Nope. “Certified Transitional” food is not organic food. People will end up paying more for food that is not organic. This does not benefit the consumer; it benefits the food producer. It is about making money. It’s a game, an utter crock:
While demand soars, less than 1 percent of U.S. farmland is certified organic. So why don’t farmers switch? https://t.co/Ojkpng8mo0
— The New Food Economy (@newfoodeconomy) April 18, 2017
It’s important to recognize that “organic” doesn’t usually mean low chemical input, only that the chemicals used are found in nature.
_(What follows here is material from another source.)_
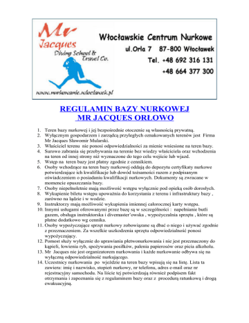 REGULAMIN BAZY NURKOWEJ MR JACQUES ORŁOWO 1. Teren bazy nurkowej i jej bezpośrednie otoczenie są własnością prywatną. 2. Wyłącznym gospodarzem i zarządcą przyległych oznakowanych terenów jest Firma Mr Jacques Sławomir Mularski. 3. Właściciel terenu nie ponosi odpowiedzialności za mienie wniesione na teren bazy. 4. Surowo zabrania się przebywania na terenie bez wiedzy właściciela oraz wchodzenia na teren od innej strony niż wyznaczone do tego celu wejście lub wjazd. 5. Wstęp na teren bazy jest płatny zgodnie z cennikiem. 6. Osoby wchodzące na teren bazy nurkowej oddają do depozytu certyfikaty nurkowe potwierdzające ich kwalifikacje lub dowód tożsamości razem z podpisanym oświadczeniem o posiadaniu kwalifikacji nurkowych. Dokumenty są zwracane w momencie opuszczania bazy. 7. Osoby niepełnoletnie mają możliwość wstępu wyłącznie pod opieką osób dorosłych. 8. Wykupienie biletu wstępu upoważnia do korzystania z terenu i infrastruktury bazy , zarówno na lądzie i w wodzie. 9. Instruktorzy mają możliwość wykupienia imiennej całorocznej karty wstępu. 10. Innymi usługami oferowanymi przez bazę są w szczególności : napełnianie butli gazem, obsługa instruktorska i divemaster’owska , wypożyczalnia sprzętu , które są płatne dodatkowo wg cennika. 11. Osoby wypożyczające sprzęt nurkowy zobowiązane są dbać o niego i używać zgodnie z przeznaczeniem. Za wszelkie uszkodzenia sprzętu odpowiedzialność ponosi wypożyczający. 12. Pomost służy wyłącznie do uprawiania płetwonurkowania i nie jest przeznaczony do kąpieli, łowienia ryb, spożywania posiłków, palenia papierosów oraz picia alkoholu. 13. Mr Jacques nie jest organizatorem nurkowania i każde nurkowanie odbywa się na wyłączną odpowiedzialność nurkującego. 14. Uczestnicy nurkowania po wjeździe na teren bazy wpisują się na listę. Lista ta zawiera: imię i nazwisko, stopień nurkowy, nr telefonu, adres e-mail oraz nr rejestracyjny samochodu. Na liście tej potwierdzają również podpisem fakt otrzymania i zapoznania się z regulaminem bazy oraz z procedurą ratunkową i drogą ewakuacyjną. 15. Uczestnicy wypełniają niezbędne formularze medyczne (jeśli nie posiadają orzeczenia lekarskiego) i pozostawiają w depozycie certyfikat nurkowy, który będzie zwrócony w momencie opuszczania bazy. 16. Baza zapewnia niezbędne środki bezpieczeństwa w postaci tlenu medycznego oraz apteczki 17. Goście bazy zobowiązani są do zachowania porządku, poszanowania środowiska i korzystania z pojemników na odpadki oraz toalet. 18. Psy i inne zwierzęta wprowadzane na teren bazy muszą być trzymane na smyczy i mieć założony kaganiec. Zamiar ich wprowadzenia musi być wcześniej zgłoszony pracownikowi Mr Jacques, przy czym pracownik ma prawo odmówić prawa wstępu z uwagi na bezpieczeństwo uczestników na terenie bazy. Właściciel zwierzęcia musi mieć nad nim pełną kontrolę i nie pozostawiać zwierzęcia bez opieki. Właściciel jest zobowiązany do sprzątania po zwierzęciu! 19. Na terenie bazy obowiązuje zakaz wnoszenia kusz podwodnych i innych podobnych urządzeń służących podwodnemu łowiectwu, jak również broni palnej i innych urządzeń niebezpiecznych. 20. Na terenie całego jeziora obowiązuje absolutny i bezwzględny zakaz kłusowania. Zakaz ten jest bardzo rygorystycznie przestrzegany. Wszelkie przypadki kłusownictwa są natychmiast zgłaszane na policję. 21. Osoby nurkujące zobowiązane są do przestrzegania przepisów określających zasady nurkowania rekreacyjnego w Polsce, zobowiązują się do przestrzegania zasad bezpieczeństwa wynikających ze standardów szkoleniowych federacji, do których należą, ze zdrowego rozsądku oraz z dobrej praktyki nurkowej, w szczególności powinny: a. posiadać ważne orzeczenie lekarskie o zdolności do uprawiania nurkowania lub wypełnić deklarację medyczną - oświadczenie. b. posiadać stosowne uprawnienia do nurkowania, c. nurkować zgodnie z posiadanymi uprawnieniami i umiejętnościami, d. posiadać sprzęt niezbędny do nurkowania w polskich wodach, e. nie nurkować pod wpływem alkoholu lub środków odurzających. Szczegółowe zasady nurkowania w Bazie Mr Jacques Orłowo: 1. Wszyscy nurkujący w Bazie zobowiązani są do wpisania się przed nurkowaniem do rejestru nurkowań wyłożonego w widocznym i oznaczonym miejscu. 2. Osoba nurkująca powinna robić to zgodnie z posiadanymi kwalifikacjami i dobrą praktyką nurkową oraz zgodnie z przygotowanym planem nurkowania 3. Przed wejściem do wody osoba nurkująca sprawdza sprawność sprzętu który ma być używany do nurkowania 4. Niedopuszczalne jest przekraczanie głębokości wynikającej z posiadanych kwalifikacji oraz z nieprzekraczalnego ciśnienia cząstkowego tlenu: 0,16MPa. 5. Niedopuszczalne jest nurkowanie po użyciu alkoholu i innych podobnie działających środków. 6. Po zakończeniu nurkowania, osoba kierująca nurkowaniem lub sam nurkujący uzupełnia rejestr: wypełnia godziny wyjścia z wody oraz czas i głębokość nurkowania. 7. Brak wpisu o powrocie z nurkowania o planowanej godzinie powoduje rozpoczęcie akcji poszukiwawczej. 8. Kosztami nieuzasadnionego uruchomienia akcji poszukiwawczej w całości zostanie obciążona osoba, która nie wywiązała się z obowiązku wpisu lub przedłużyła nurkowanie ponad zaplanowany czasokres. 9. Zapoznanie się z niniejszym regulaminem jest wymagane od każdego nurkującego w bazie i każdej osoby dorosłej przebywającej na terenie bazy, które mają obowiązek powiadomienia o zasadach niniejszego regulaminu osoby małoletnie. 10. Osoby nie przestrzegające niniejszego regulaminu, lub w inny sposób łamiące zasady bezpiecznego nurkowania, nie mają wstępu do bazy lub mogą zostać z bazy usunięte. 11. Nieznajomość regulaminu nie zwalnia z obowiązku stosowania się do zasad obowiązujących w bazie, w szczególności zasad nurkowania. 12. W sprawach nie objętych

I’ve spoken with orchard farmers in my extended family who describe the much higher inputs they’d have to make if they switched to pyrethins, rotenone, and phosphate rock. This is why organic costs more. It isn’t necessarily better for the environment or better for the soil, just more expensive and time-consuming for the farmer. “Organic” farms are usually still monocultures toxic to local wildlife, just with a different set of chemical inputs. It would be nice if organic meant the highly labor intensive methods that once maintained soil (if not flawless looking fruits/veggies) as used for centuries, but we don’t pay enough for that to be worthwhile for farmers.
I’m fairly convinced pyrethins are okay to consume in minute quantities (I regularly use pyrethin based kennel dip to deter fleas on my animal companions), but I’ve my doubts about rotenone, elemental sulfur and others.